Instructions to follow =>
The answer should consist of the full listing below, repeated exactly and free of pictures.

Source data =>
* * *

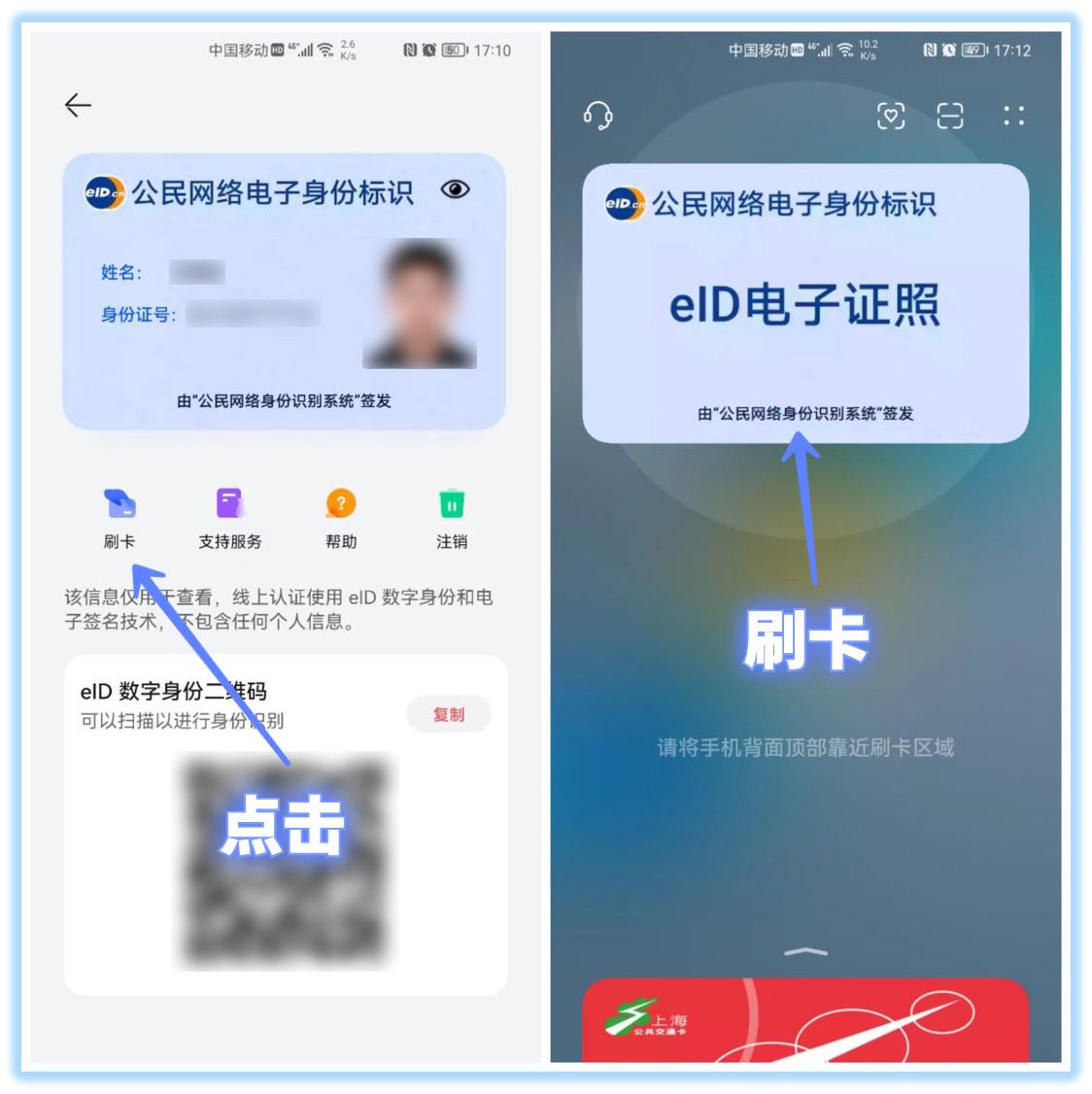 下面我们就可以查看个人电子身份证了,在生活中有需要刷身份证的地方,点击「刷卡」按钮,即可调出eID电子证照,将手机靠近刷卡区域。
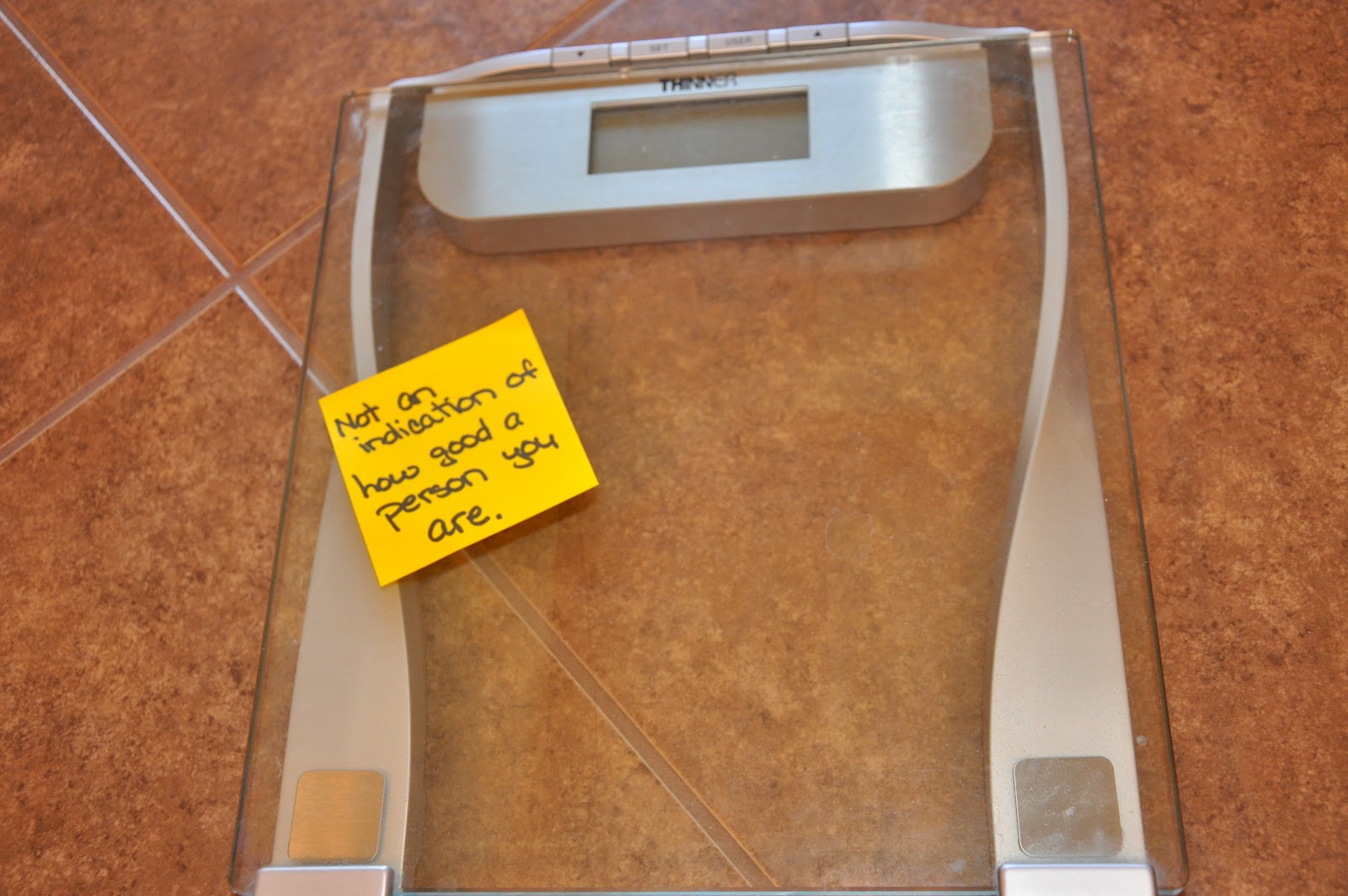 Regardless if it is me that steps on the scale or others – the numbers displayed are not an indication of how good or bad a person is. (The writing is small but it says “Not an indication of how good a person you are”)
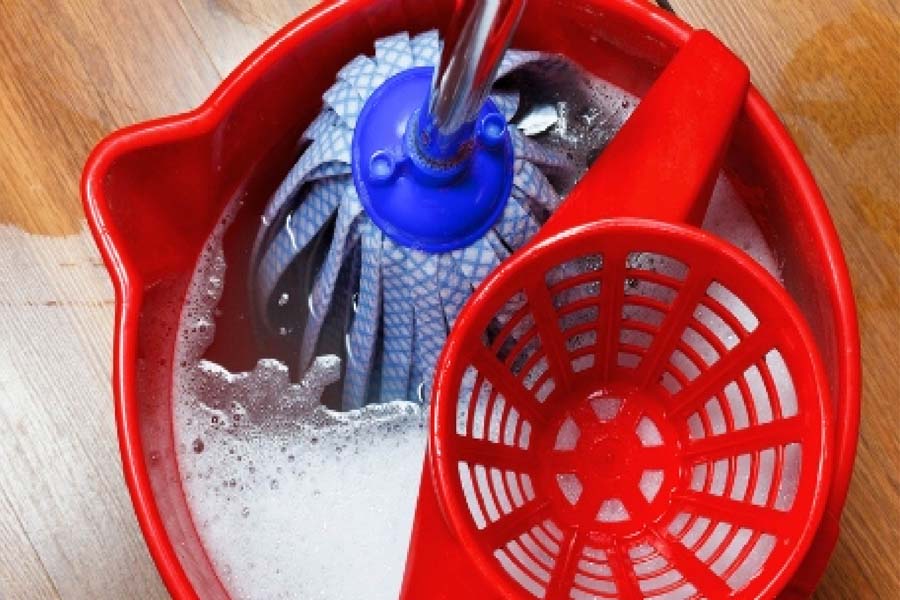 Với cách làm này, bạn cần làm sạch trước cây lau nhà với nước sạch để lấy đi một phần chất bẩn. Sau đó, bạn hãy trộn nước tẩy và nước rửa bát cùng với nước. Ngâm cây lau nhà trong dung dịch và để qua đêm.

* * *

Result =>
 下面我们就可以查看个人电子身份证了,在生活中有需要刷身份证的地方,点击「刷卡」按钮,即可调出eID电子证照,将手机靠近刷卡区域。
 Regardless if it is me that steps on the scale or others – the numbers displayed are not an indication of how good or bad a person is. (The writing is small but it says “Not an indication of how good a person you are”)
 Với cách làm này, bạn cần làm sạch trước cây lau nhà với nước sạch để lấy đi một phần chất bẩn. Sau đó, bạn hãy trộn nước tẩy và nước rửa bát cùng với nước. Ngâm cây lau nhà trong dung dịch và để qua đêm.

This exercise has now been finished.